Q: Can you recommend some design principles that you like seeing or would like to see in a math undergraduate textbook and books that exemplify it?
I was debating whether to put this post here or in the math-educators stackexchange, but I am curious to hear of design strategies seen in research/graduate textbooks that haven't trickled down to undergraduate textbooks. But if it doesn't fit here, tell me and I will promptly remove it.
One reference I found is "Designing Science Textbooks to Enhance Student Understanding " but I would like to hear more of them. Here are some design principles:
a key difference with undergraduate students as opposed to graduate students, is that one should spent more time motivating the material. One idea is introducing methods and theorems through examples and especially applied ones (eg. from physics and economics). The design principle here is going from the concrete to the abstract.

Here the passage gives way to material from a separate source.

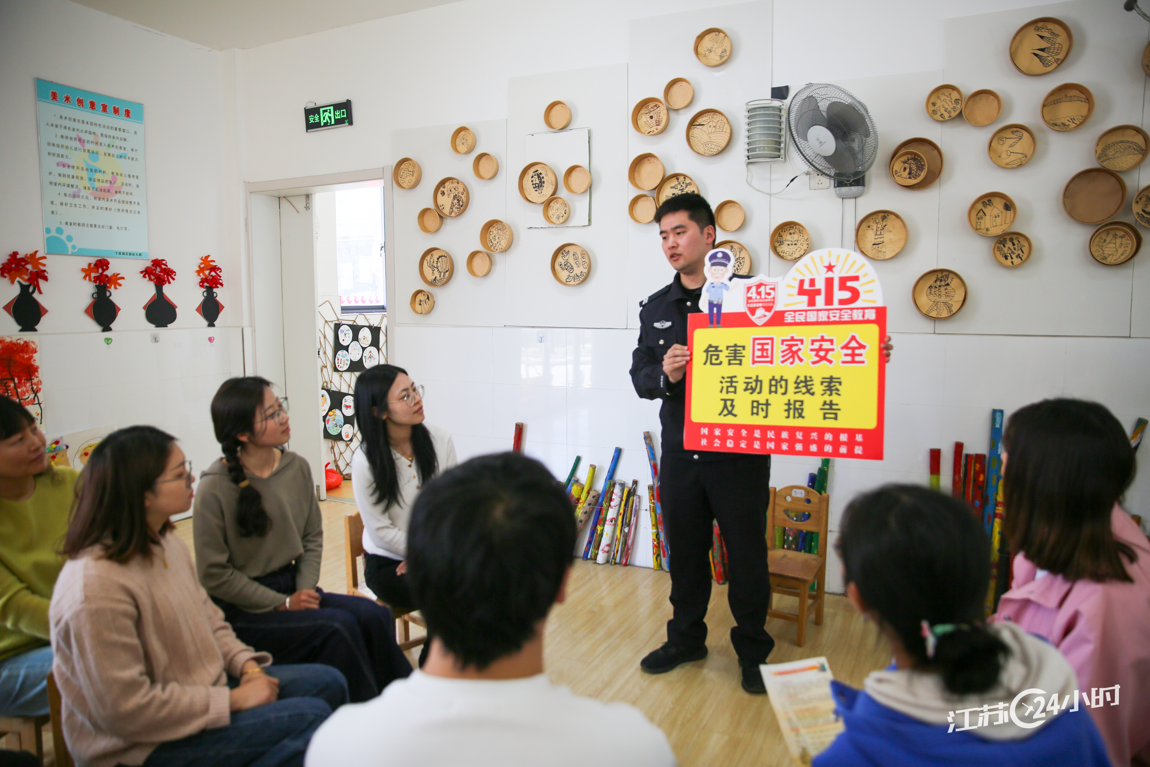 (特约摄影 徐慧 12:03摄 16:45上线) 4月14日,如皋市下原镇花园幼儿园内,民警为青年教师开展国家安全知识教育课堂,让青年教师在教育活动中学习国家安全知识,提升国家安全意识,自觉维护国家安全。

Di Prima's ODEs textbook achieves this beautifully.
I personally enjoyed graduate textbooks that also provided me with short code programs and guided exploratory exercises. Like "Computational Methods for Fluid Dynamics" by Peric etal. It is also done in many ODE textbook such as Boyce's. This is doable with ODEs if you are working with MATLAB, which provides ODE solver packages.
In terms of designing exercises, I liked it when the first few questions were broken down into multiple baby questions, which also taught me how to ask questions so as to make a large question more manageable. I saw this in Pugh's real analysis textbook.